The state’s $13.7 billion budget bill, a 184-page behemoth approved by the Legislature earlier this month, contains more than just a list of appropriations. It contains a list of provisos — amendments tacked on by legislators, sometimes near the end of the budget process, often anonymously — that define or otherwise restrict how appropriations can be spent.
This practice has become a fairly routine part of legislating, but it deserves closer critical attention.
Provisos can be added in conference committee, without a public vetting. They can reflect the collective wisdom of the Legislature, arrived at after due deliberation, in setting spending priorities.
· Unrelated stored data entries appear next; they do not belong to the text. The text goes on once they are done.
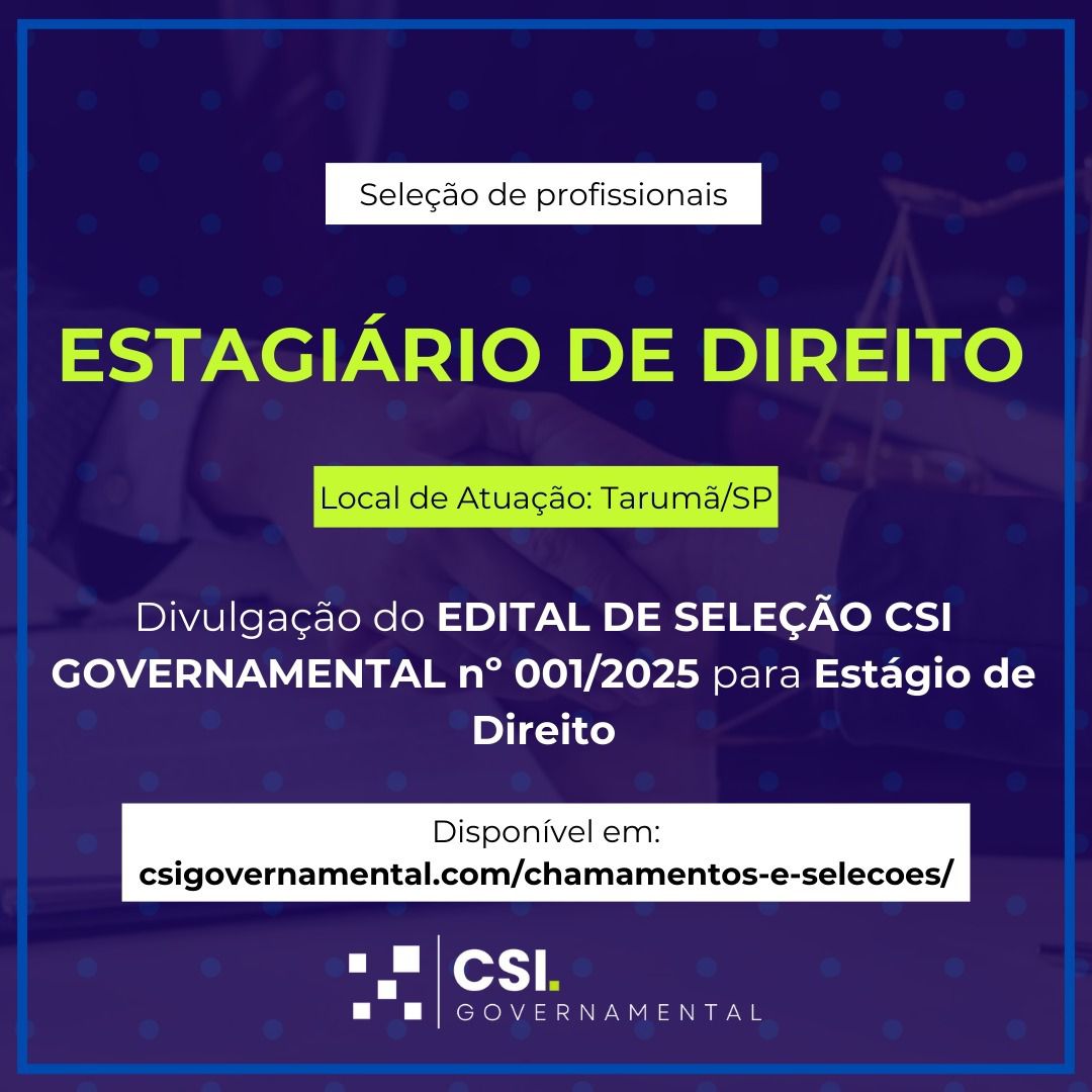 O edital de seleção para estagiários de Direito n° 001/2025 se encontra disponível, para acessá-lo entre em:
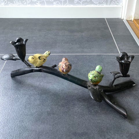 En dekorativ keramisk ljusstake formad som ett träd med blommor och blad. Höjden är cirka 20 cm.
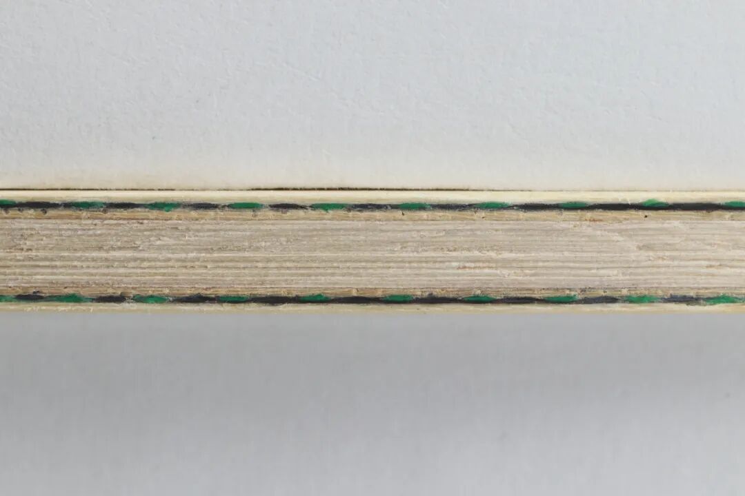 艾利克斯KC所采用的纤维,官方将其称为“氪金碳素”,实际属于芳碳纤维的一种,肉眼观察为冷色系芳碳(绿芳碳),手感偏脆且有不错的支撑力。艾利克斯KC为经典外置5+2结构,寇头面材稍厚,甚至赶超第三层的阿尤斯垫层。较厚的面材造就了很好的安定感,在台内小球方面很靠谱。
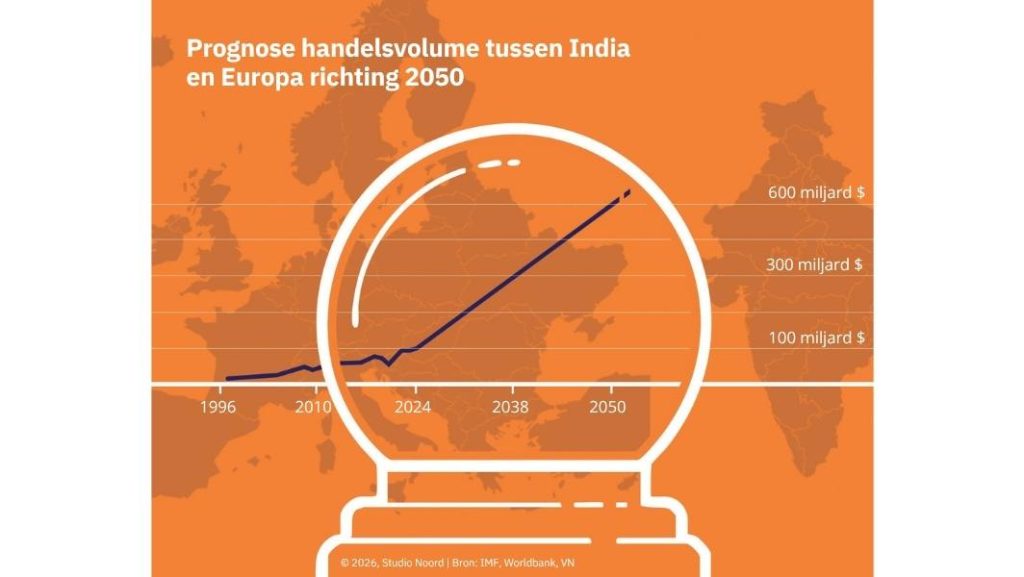 Tot slot toont de vierde infographic de verwachting voor de toekomst. Het handelsvolume tussen India en Europa zal naar verwachting sterk blijven groeien richting 2050. Dit benadrukt het strategische belang van India voor Nederlandse bedrijven, zeker in het licht van het nieuwe handelsakkoord.
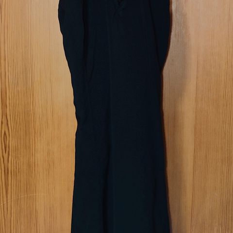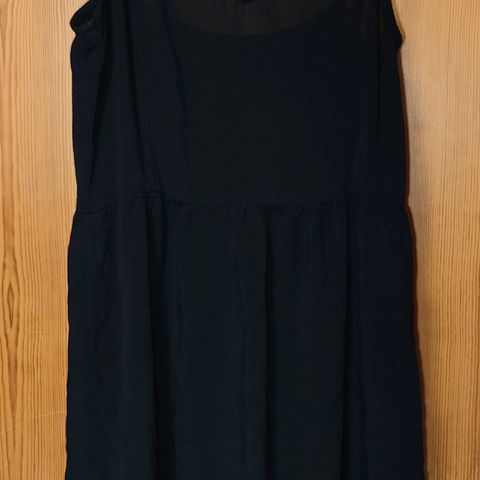 Musta olkaimeton hihaton mekko jossa smokkirypytys yläosassa.
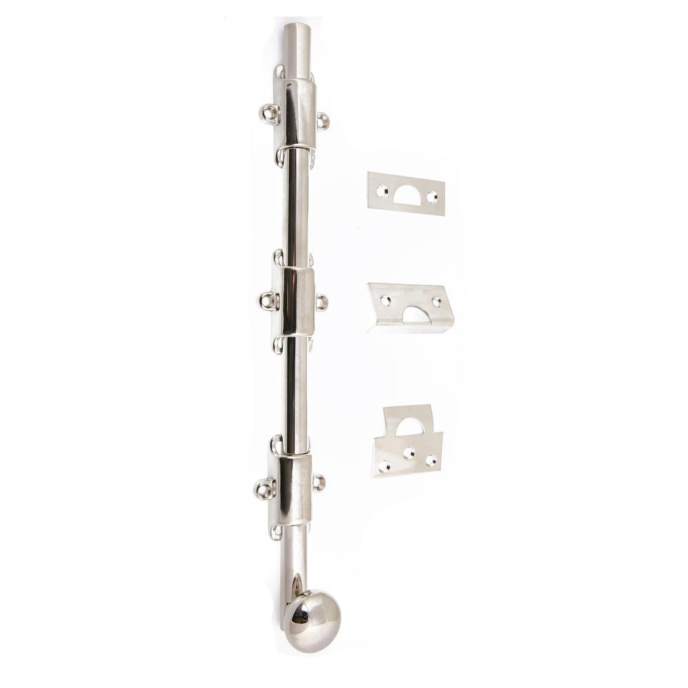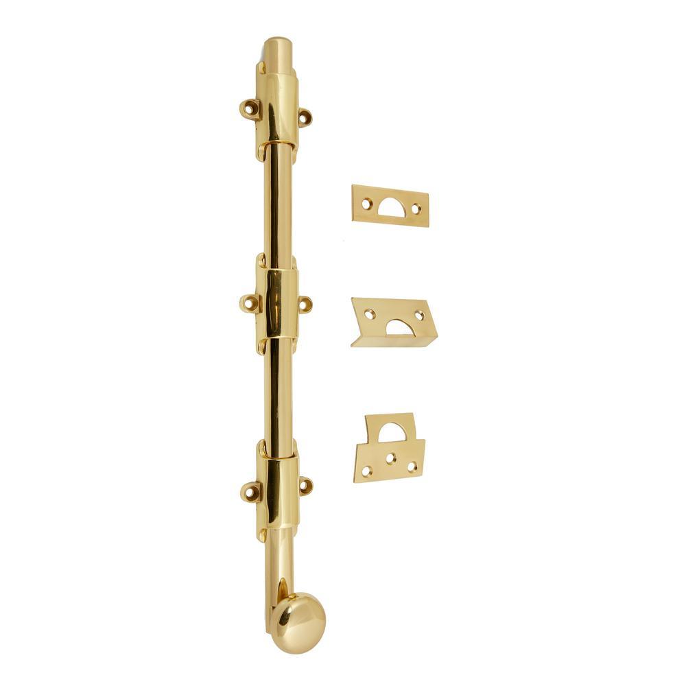 Heavy-Duty 12 in. Solid Brass Surface Bolt with Round Knob in Polished Brass
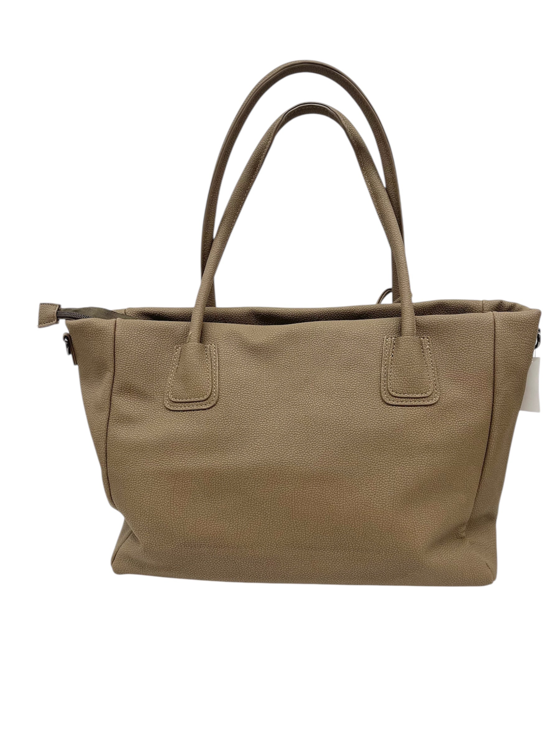 Bolso de polipiel, en tono taupe, de textura suave. Lleva dos asas cortas y un adorno de flecos en el frente. Incluye asa larga adicional para llevar al hombro o cruzado. Cierre con cremallera y interior amplio.
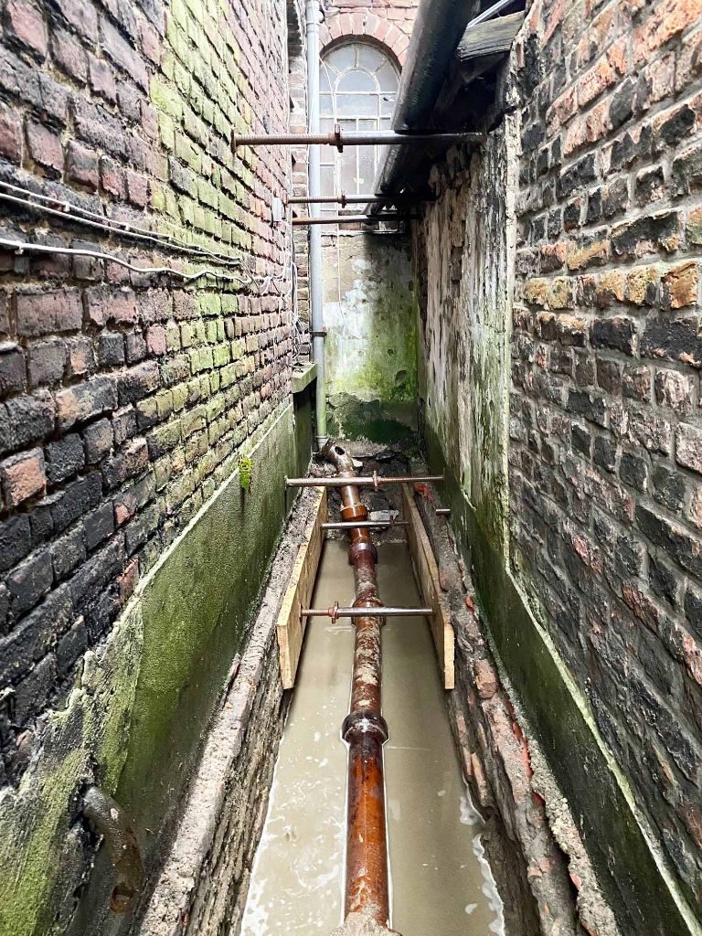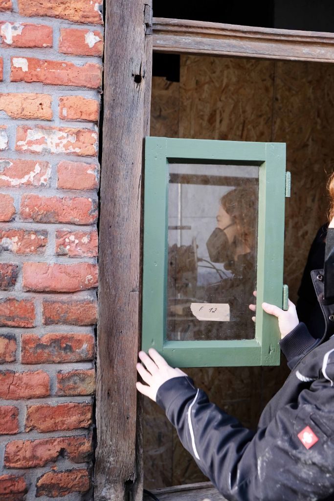 Während aus dem Eckhaus der Stemmhammer ertönt, werden im Denkmal bereits die historischen Fenster und Wandoberflächen behutsam restauriert.
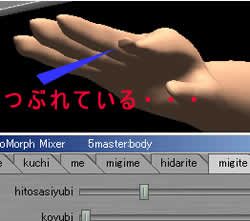 SHINYAさんのページにかわいらしいうさぎさんがいて、私は大ファンなんですが、そこのMAKINGにあげられている手のモーフがとてもすばらしいです。はじめばボーンでしてあるのかとおもっていました。形状であそこまでできればいいなと思いまして、自分も挑戦してみました。でもなかなかむずかしいです。
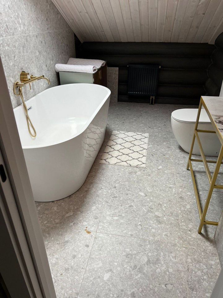 Дом оснащен электрическим отоплением, водоснабжение осуществляется через скважину, а канализация — септик из бетонных колец.

Or they can reflect the agenda of an individual legislator or legislators, with baffling and unsound results.
Case in point: The budget contains $48.6 million in bond funding for the University of Hawaii to spend on deferred maintenance projects — less than half what UH originally requested to pay for this critical need. The funding comes in a lump sum, allowing UH, at least in theory, to decide how to spend it.
However, as reported by the Star-Advertiser’s Nanea Kalani, there is a proviso:
The money “shall not be expended for the College of Education if the College of Education remains at the University of Hawaii at Manoa.” Furthermore, UH may not spend $3 million of the money “until the university establishes and implements a master plan” for transitioning students from high schools and community colleges to the state’s four-year institutions.
In other words, to spend the $48.6 million freely, UH will have to achieve two complex tasks in short order: Move the College of Education out of Manoa and establish a master matriculation plan for the entire UH system.
Setting aside the obvious logical fallacy — why would UH spend maintenance funds on the College of Education if it needs to be moved? — the proviso demonstrates how the process can be misused. It won’t move the college or generate a master plan. It will simply keep UH from spending that money.
Moving the College of Education out of Manoa to, say, West Oahu, would be a daunting endeavor, even if it were a good idea, which it’s not.
The college’s students must take courses in other disciplines that are available at Manoa, but not at West Oahu. There are more than 500 kinesiology and rehabilitation sciences students who use Manoa’s athletics facilities, also not available at West Oahu. The University Lab School, a K-12 charter school, provides critical training for College of Education students.
A master matriculation plan makes more sense. Students moving to one of UH’s four-year institutions should be able to transfer seamlessly, regardless of which high school or community college they come from. The Board of Regents has already tasked UH President David Lassner to come up with such a plan. But obviously, it will take time — certainly longer than a one-year appropriation will last.
Regardless, what does any of this have to do with deferred maintenance? Nothing, of course.
What the proviso does do is put UH on notice.
For example, UH had intended to use some of this year’s appropriation to tear down two obsolete and unused College of Education buildings, at a cost of about $600,000 to $700,000. But even if another source of funds was found for the work, UH officials may feel constrained to act, in the interest of maintaining good relations with legislators armed with the power of the purse — and the proviso.
And while this process may appeal to lawmakers who want to exert their influence, it’s a poor way to manage a multibillion-dollar budget. They should use more discretion and good common sense.